BEGIN Materials provided

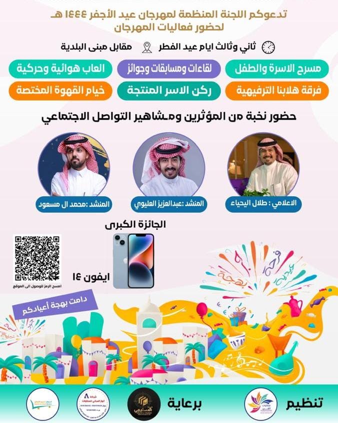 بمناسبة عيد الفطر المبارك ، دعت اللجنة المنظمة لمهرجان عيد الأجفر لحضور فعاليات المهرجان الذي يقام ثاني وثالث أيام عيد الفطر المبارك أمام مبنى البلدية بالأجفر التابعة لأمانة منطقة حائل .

END Materials provided
BEGIN Materials provided

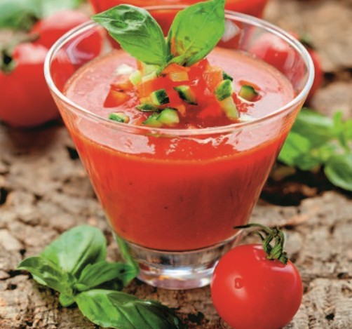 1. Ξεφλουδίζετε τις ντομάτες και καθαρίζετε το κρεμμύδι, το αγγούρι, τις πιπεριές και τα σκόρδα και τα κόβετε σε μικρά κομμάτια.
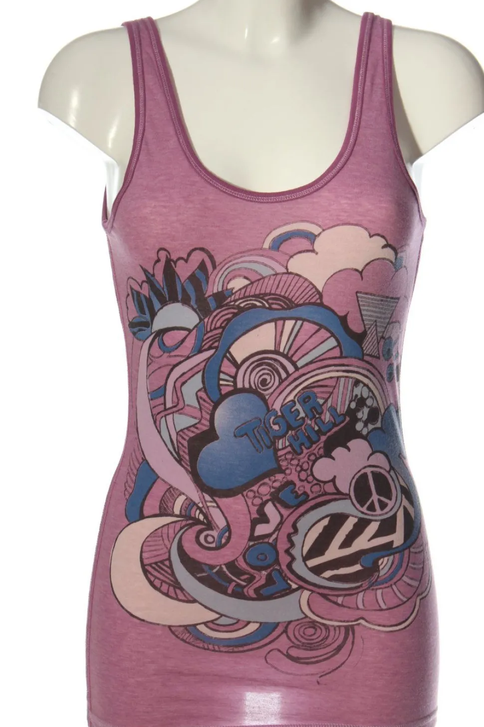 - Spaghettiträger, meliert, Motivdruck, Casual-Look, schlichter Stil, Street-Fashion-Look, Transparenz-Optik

END Materials provided

**Assigned task**
From the data above, return exactly the lines from the one with "1. Ξεφλουδίζετε τις" up to and including the one with "- Spaghettiträger, meliert, Motivdruck, Casual-Look, schlichter". Pictures do not go in the copy.

**Problem solution**
 1. Ξεφλουδίζετε τις ντομάτες και καθαρίζετε το κρεμμύδι, το αγγούρι, τις πιπεριές και τα σκόρδα και τα κόβετε σε μικρά κομμάτια.
 - Spaghettiträger, meliert, Motivdruck, Casual-Look, schlichter Stil, Street-Fashion-Look, Transparenz-Optik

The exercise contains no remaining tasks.